Stored items from a collection
----
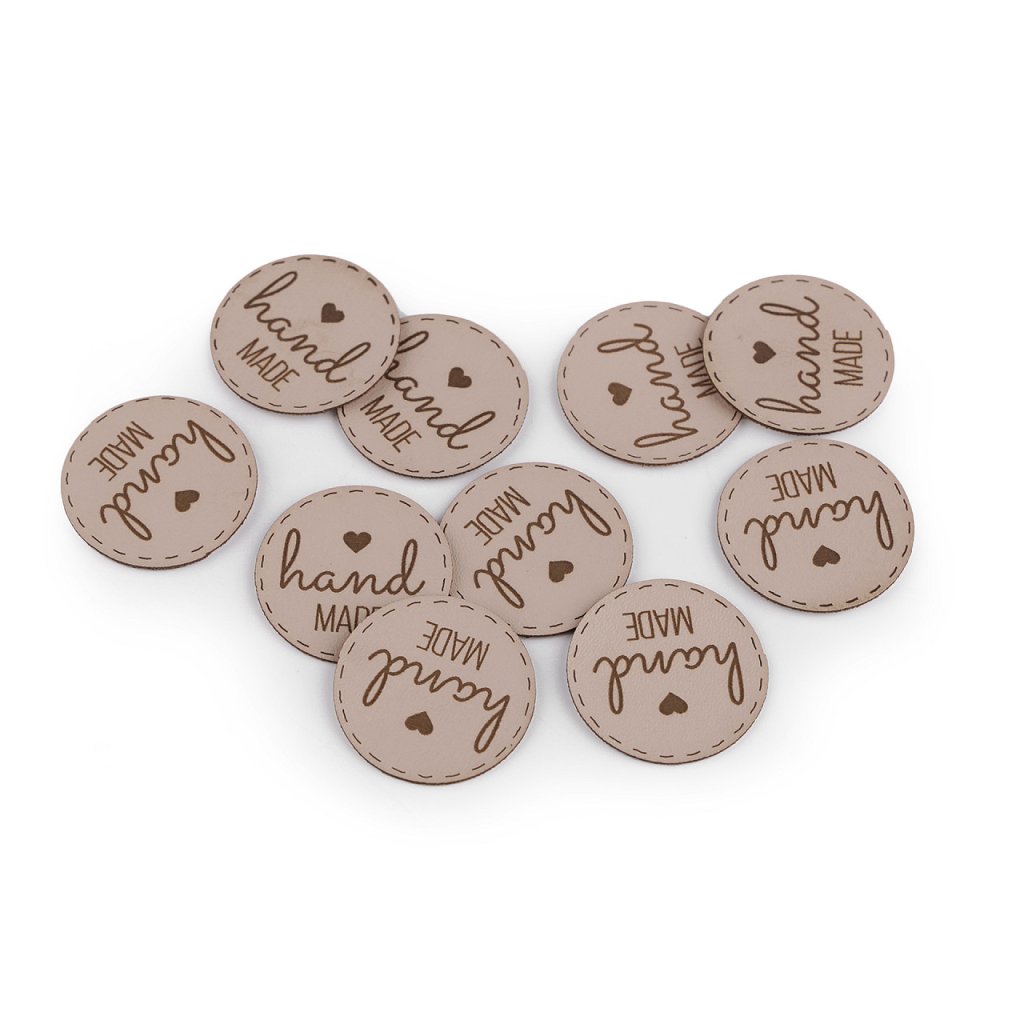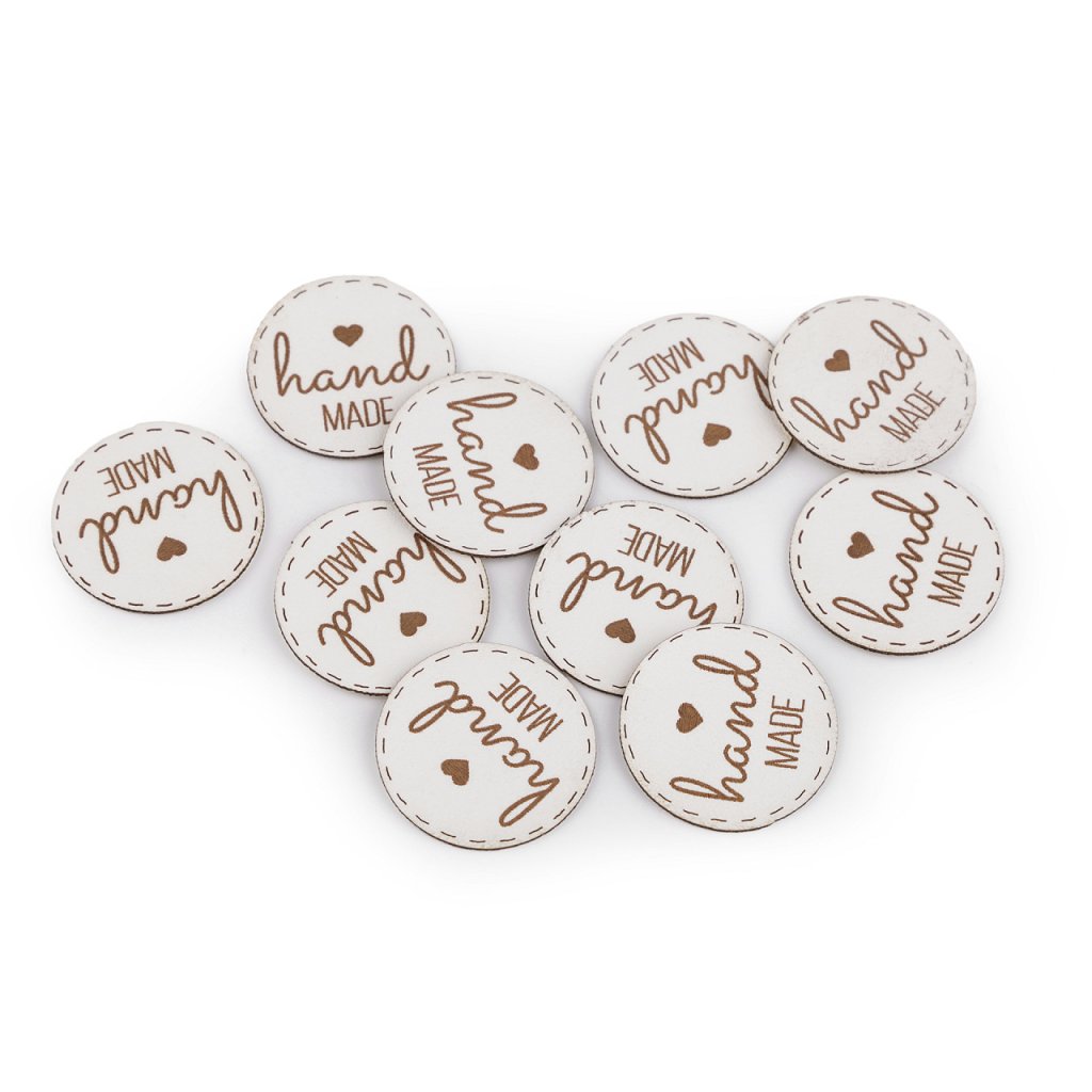 Cedulka z eko kůže je jednostranná. Zdobí ji nápis Hand made. Na dotek je nášivka měkká a poddajná, ale přitom pevná. Je pratelná při teplotě 40 °C.
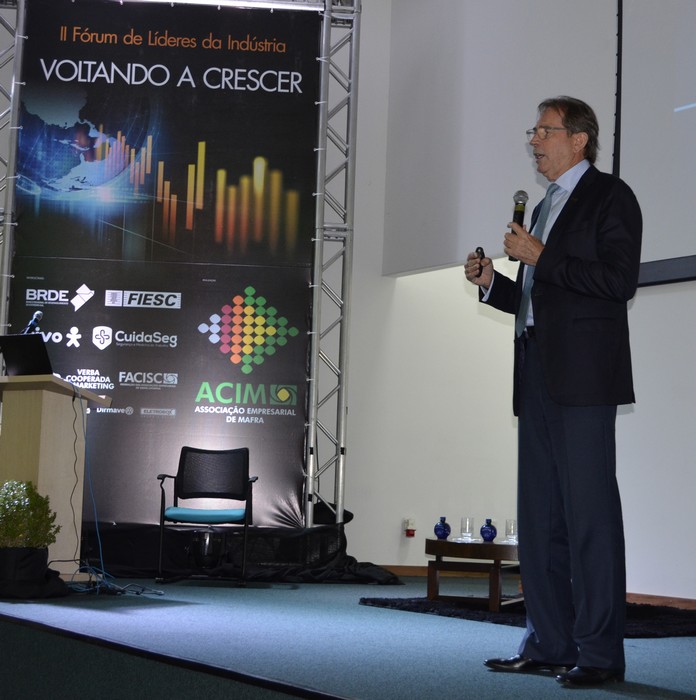 Em sua primeira visita ao planalto norte desde que foi eleito, o presidente da FIESC – Federação das Indústrias de Santa Catarina mostrou como os diferenciais da economia catarinense estão fazendo o estado retomar o crescimento de forma mais rápida e eficiente que o Brasil. Mario Cezar de Aguiar fez as explanações no II Fórum de Líderes da Indústria, realizado na noite de quarta-feira, dia 29, pela Associação Empresarial de Mafra. O evento também contou com a presença do vice-presidente regional da FIESC, Arnaldo Huebl, e demais lideranças empresariais.
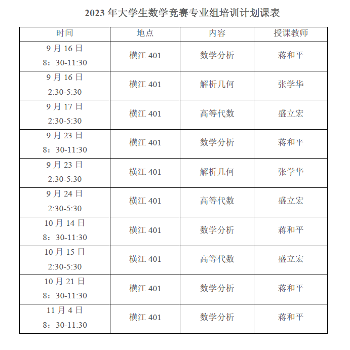 专业组: 横江校区1401教室,9月16日到11月5日周六、周日;
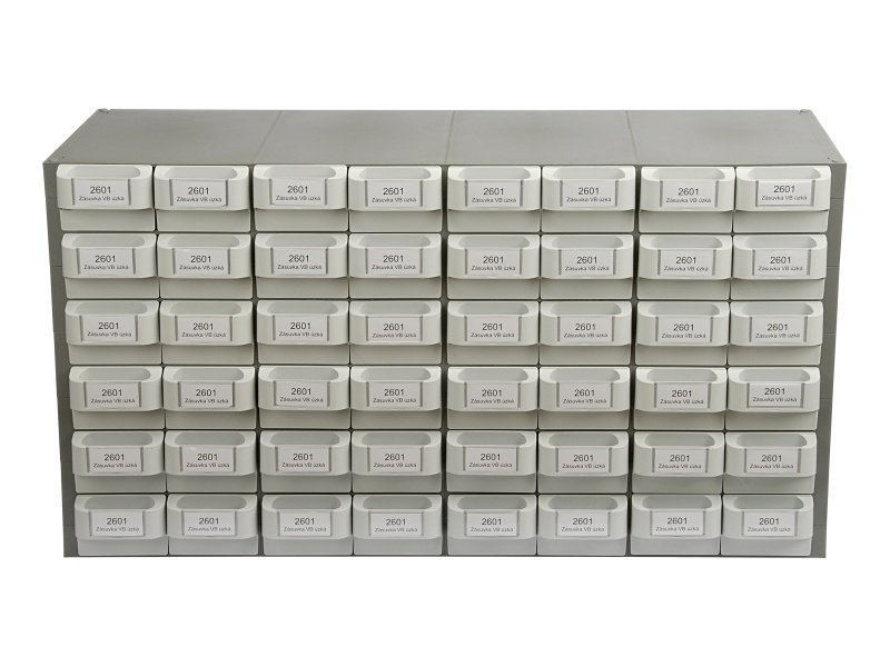 Zestaw znajdzie zastosowanie głównie w magazynach drobnych materiałów. Jest doskonałym pomocnikiem we wprowadzaniu i utrzymywaniu zasad metodologii 5S. Szafka zawiera łącznie 48 szuflad 2601. Wykonana z ABS. Obudowa szafy zawsze jest w kolorze szarym. Gniazda dostępne są w kolorze czarnym, szarym, niebieskim, czerwonym. Poszczególne szafy można łączyć ze sobą za pomocą złączy U, H lub I (2633, 2634 lub 2635).
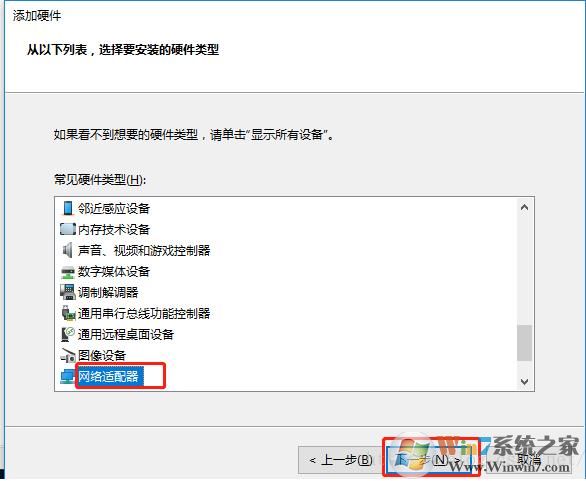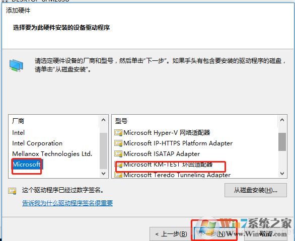 6.选择左侧 Microsoft,右侧*环行适配器,看下图
----
→ Activity: From the data above, return only the lines starting at the line that holds "Em sua primeira" and ending at the line that holds "专业组: 横江校区1401教室,9月16日到11月5日周六、周日;", word for word and without pictures.

→ Solution below:
 Em sua primeira visita ao planalto norte desde que foi eleito, o presidente da FIESC – Federação das Indústrias de Santa Catarina mostrou como os diferenciais da economia catarinense estão fazendo o estado retomar o crescimento de forma mais rápida e eficiente que o Brasil. Mario Cezar de Aguiar fez as explanações no II Fórum de Líderes da Indústria, realizado na noite de quarta-feira, dia 29, pela Associação Empresarial de Mafra. O evento também contou com a presença do vice-presidente regional da FIESC, Arnaldo Huebl, e demais lideranças empresariais.
 专业组: 横江校区1401教室,9月16日到11月5日周六、周日;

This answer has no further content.